1. Access local an external data via SPARQL both from within a python programming environment and stand-alone with a GUI, such as [YASGUI](https://yasgui.triply.cc/), and this way integrate data from different sources  
2. Model your own first knowledge base, in this case an RDF Schema knowledge graph
3. Implement inference rules 

Follow this Notebook step-by-step. 

Of course, you can do the exercises in any Programming Editor of your liking. 
But you do not have to. Feel free to simply write code in the Notebook. When 
everythink is filled in and works, safe the Notebook and submit it 
as a Jupyter Notebook, i.e. with an ipynb extension. Please use as name of the 
Notebook your studentID+Assignment3.ipynb.  

Other than in courses dedicated to programming we will not evaluate the style
of the programs. But we will test your programs on other data than we provide, 
and your program should give the correct answers to those test-data as well. 

Before you start, you need to:

- **Install the *rdflib* Python package:** *pip install rdflib* (should already be installed from the previous assignment)
- **Install the *SPARQLWrapper* Python package:** *pip install SPARQLWrapper*
- **Install the free edition of the GraphDB Triplestore:** please follow this short [GraphDB tutorial](https://github.com/ucds-vu/knowledge-data-vu/blob/master/Tutorials/Preliminaries/tutorial-GraphDB.md). 

Then, add the file example-from-slides.ttl to a newly created database, say called assignment-3. 

**Note that you should have an active internet connection to run the code in this notebook.**

## Task 1: (3.5 points) Integrate Local and External Data

You can integrate SPARQL queries into your Python code by using the *RDFLib* and *SPARQLWrapper* libraries. 

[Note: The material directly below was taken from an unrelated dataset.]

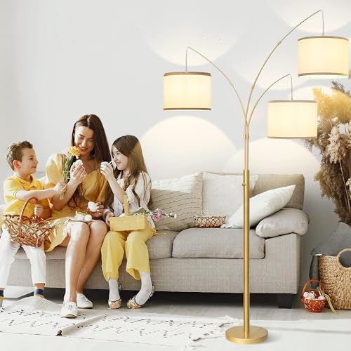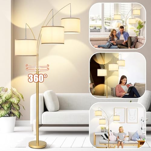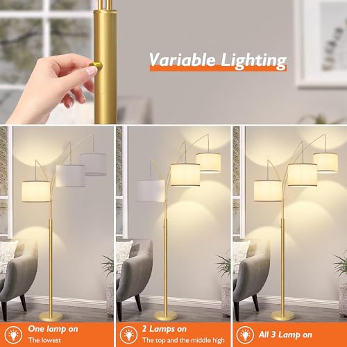 3 Lights Arc Floor Lamps for Living Room,Modern Tall Standing Lamp Hanging Over The Couch with Shades & Heavy Base,Mid Century Black Tree Floor Lamp for Bedroom Office

The following code accesses the DBPedia knowledge graph using its SPARQL endpoint, and returns the result of the SPARQL query requesting all the labels asserted to Amsterdam (test it!)  

In [1]:
# This code only works if you are online

from rdflib import Graph, RDF, Namespace, Literal, URIRef
from SPARQLWrapper import SPARQLWrapper, JSON

sparql = SPARQLWrapper("http://dbpedia.org/sparql")
sparql.setQuery("""
    PREFIX rdfs: <http://www.w3.org/2000/01/rdf-schema#>
    SELECT ?cityName
    WHERE { 
        <http://dbpedia.org/resource/Amsterdam> rdfs:label ?cityName 
    }
""")
sparql.setReturnFormat(JSON)
results = sparql.query().convert()
for result in results["results"]["bindings"]:
    print(result["cityName"]["value"])  

Amsterdam
أمستردام
حكومة أمستردام
Amsterdam
Amsterdam
Amsterdam
Άμστερνταμ
Άμστερνταμ (δήμος)
Amsterdamo
Ámsterdam
Amsterdam
Amsterdam
Amsterdam (commune)
Amstardam
Amsterdam
アムステルダム
Amsterdam
암스테르담
Amsterdam (gemeente)
Amsterdam
Amsterdam
Амстердам
Amesterdão
Amsterdam
Амстердам
阿姆斯特丹


Your task is now the following:
1. Write a SPARQL query that extracts all the cities from your local knowledge graph (constructed by loading the file example-from-slides.ttl) 
2. Find the number of inhabitants of these cities and the longitude and latitude information (if available) from DBPedia.
3. Merge the triples from example-from-slides.ttl with the information extracted from DBpedia + Save all these triples into a new file 'extended-example.ttl' + Print all triples in Turtle Syntax.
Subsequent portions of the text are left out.